Dr. Benjamin Warf thought the prospects were poor that Ugandan children with hydrocephalus, an excess of water on the brain, could be successfully treated by implanting a drainage tube. Families he cared for at a Mbale hospital had limited access to health care. A blockage in the tube, called a shunt, could be disastrous.
In the early 2000s, Warf devised an alternative that reduced the number of infants who needed brain shunts by about two-thirds. It became the standard of care at Boston Children’s Hospital, where he directs the Neonatal and Congenital Anomaly Neurosurgery Program. Now Warf is unraveling the causes of hydrocephalus, work he hopes could lead to prevention.
The 54-year-old from Lexington has been named a 2012 MacArthur Foundation Fellow, one of four Boston-area recipients of the “genius grant.” The award comes with a $500,000 stipend, and, for Warf, visibility for a global health problem that he said has been “way under the radar.”
Warf grew up in the Appalachian Mountains of Eastern Kentucky, the son of a Baptist pastor with an interest in science. He graduated from Harvard Medical School in 1984 and was drawn to pediatric neurosurgery in part by his love of children. He and his wife, Cindy, have six of their own.
The pair decided in early 2000 to act on Warf’s dream of being a medical missionary. He had made some short trips to Kenya with CURE International, a Christian group that provides surgical care in developing nations, and in March of that year the couple moved their family to Uganda, where he would help to open a hospital specializing in neurosurgery.

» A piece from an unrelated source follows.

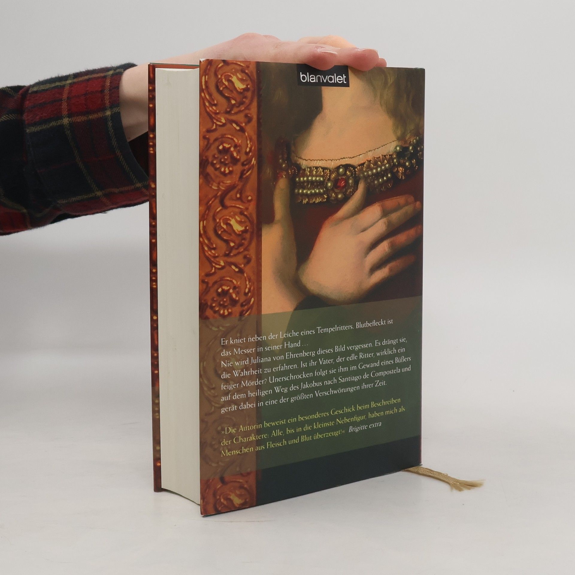 Eine starke Frau, ein mächtiger Orden, ein gefährlicher Weg. Juliana von Ehrenberg kniet neben der Leiche eines Tempelritters, das Blut befleckt ihr Messer. Dieses Bild wird sie nie vergessen und treibt sie zur Wahrheit: War ihr Vater, der edle Ritter, ein feiger Mörder? Auf dem heiligen Jakobsweg nach Santiago de Compostela begibt sie sich auf die Suche nach ihm und der Wahrheit. Der staubige Pilgerweg erstreckt sich über mehr als 800 Kilometer. Wird sie ihren Vater und die Antworten finden? Zunächst verschwindet Wolf von Neipperg, ihr Freund und heimlicher Favorit. Kurz darauf verlässt ihr Vater, Kraft von Ehrenberg, heimlich die Burg. Entschlossen folgt Juliana ihm, während sie sich weigert, einen benachbarten Ritter zu heiraten und die mysteriösen Ereignisse auf der Burg sowie den Mord an dem Tempelritter Swicker aufzuklären. Verkleidet als Knappe, wandert sie mit vier Männern durch Navarra und Kastilien. Doch sind ihre Begleiter wirklich Pilger? Juliana beginnt zu erkennen, dass niemand das ist, was er vorgibt. Zudem ist sie nicht die Einzige, die ihren Vater einholen will. Unwissend über die geheimen Machenschaften innerhalb der Templer und die Mission ihres Vaters, eilt Juliana voran. Doch trotz ihrer Bemühungen kann sie das Rad der Geschichte nicht aufhalten …

Warf was unhappy with placing shunts in Ugandan patients. In the United States, about half of shunts fail within two years, and some children endure scores of operations.
Warf tested a combination of techniques that alone had been mostly ineffective in treating infants with hydrocephalus. He cauterized tissues in the brain to slow the production of fluid and made small openings in the base of the brain to allow fluid to drain into the cavity around it. Warf and colleagues followed patients over time and found the method was effective.
When researchers overlaid data Warf had collected with weather patterns, they found the incidence of infection rose and fell with rainfall, pointing to an environmental pathogen.